If data were balanced, PERMANOVA with restricted permutations would be carried out as below:

    dist <- vegdist(data[,4:ncol(data)])
    
    control <- how(within = Within(type = "free"),
                 plots = Plots(strata = data$gapNo, type = "none"),
                 nperm = 999,
                 observed = TRUE)
    
    adonis2(dist ~ gapNo, 
            data=data,
            permutations = control)

Can the use of function how() (or package permute more broadly) as shown above be modified to support unbalanced data?


Solution

  • Is it true that permute offers no support for unbalance data?

    No, it is not true. permute doesn't require the data to be balanced in general.
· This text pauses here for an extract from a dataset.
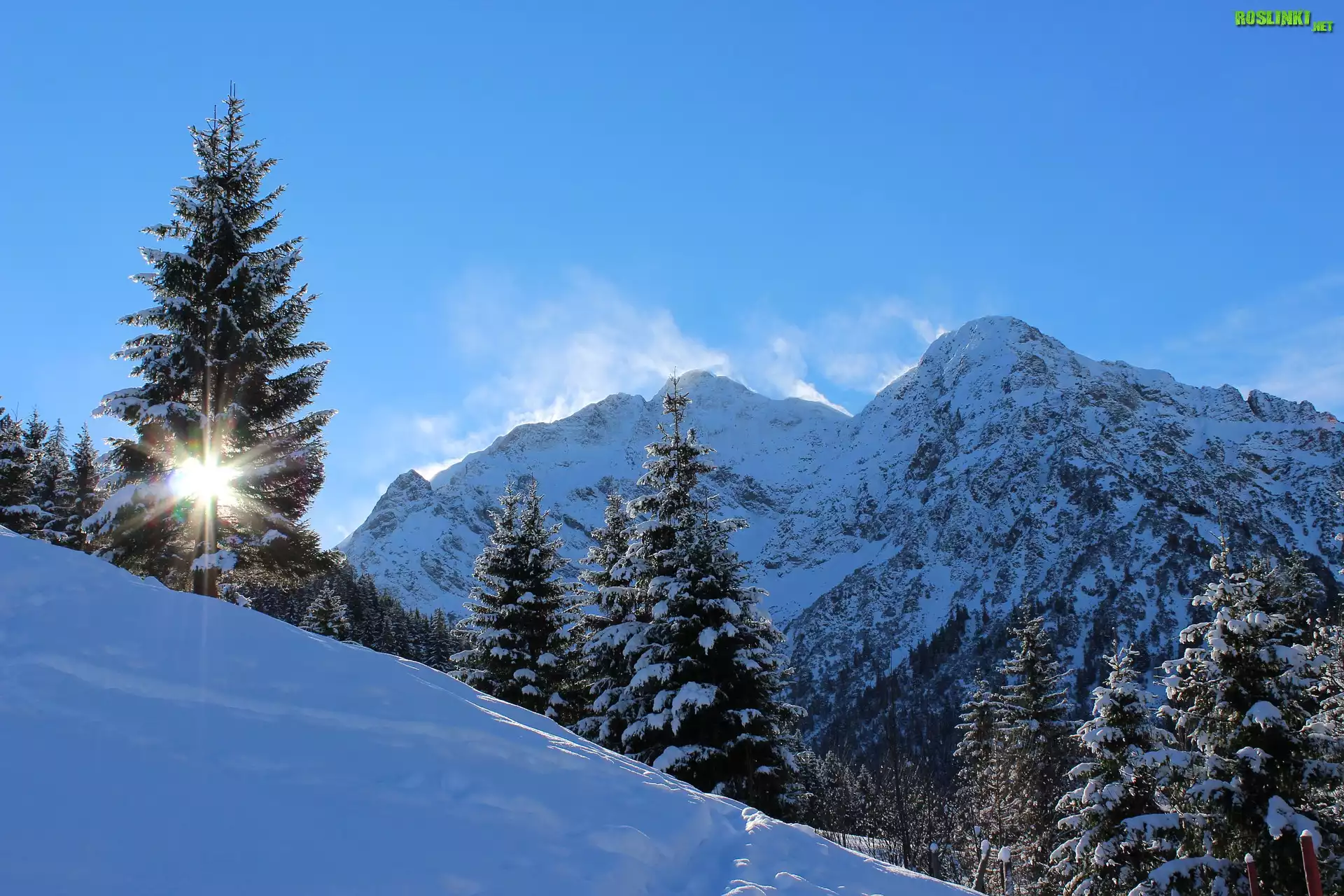 Rośliny: Zima, Góry, Śnieg, Promienie Słońca, Drzewa, Świerki, Niebo

However if you are trying to test a variable that varies at the whole plot (plots) level, then you do need to have a balanced design. I'm not sure how you would permute data from an unbalanced design in such a way that you keep the same ordering of samples (or residuals) within the whole plots if you have some whole plots with 1 sample and others with 2. It would be like trying to shove a square peg into a round hole.

    There might be a solution this issue - but if there is I don't know what it is and the developers of Canoco (from where the permutation designs used in permute originate) don't either. I'd be happy to learn about it however as then I could look to implement it in permute.

    If you want to test a whole plot variable in an unbalanced data set, the immediate solution is to drop one of the quadrats in the adjacent closed-canopy per forested area so that you have balance and then do the analysis.

    However, you don't seem to be testing a variable that varies at the whole plot level. So this whole balance things is moot, is it not? So long as you restrict samples to be permuted within the whole plots, it doesn't matter from a practical point of view if that data are unbalanced, as we are just randomly permuting samples within the levels of gapNo.

    For this kind of thing, I tend to prefer using the blocks argument to restrict permutations (as it's just easier to type). Here you could do

    h <- with(data,
      how(blocks = gapNo, nperm = 999)
    )
    

    and note that you don't want the observed permutation in the permutation as the pseudo $F$ is already computed for the observed data.

    As there are only 46656 permutations of these data, you might consider do an exact test and evaluate all possible permutations, rather than just doing 1000 random ones.

    Finally, your model is incorrect. gapNo codes for the sampling locations where you have 1 gap sample and 2 adjacent samples. If you fit a model with gapNo as covariate you won't be testing the effect of gapOrForest, but simply testing the differences between the six gaps. You need y ~ gapOrForest.

    Personally, I would fit this with dbrda() if you must use a dissimilarity:

    spp <- data[, 4:ncol(data)]
    dbrda(spp ~ gapOrForest + Condition(gapNo), 
          data = data,
          permutations = control)
    

    as now you can partial out the between gap variation, which is what you want, ideally.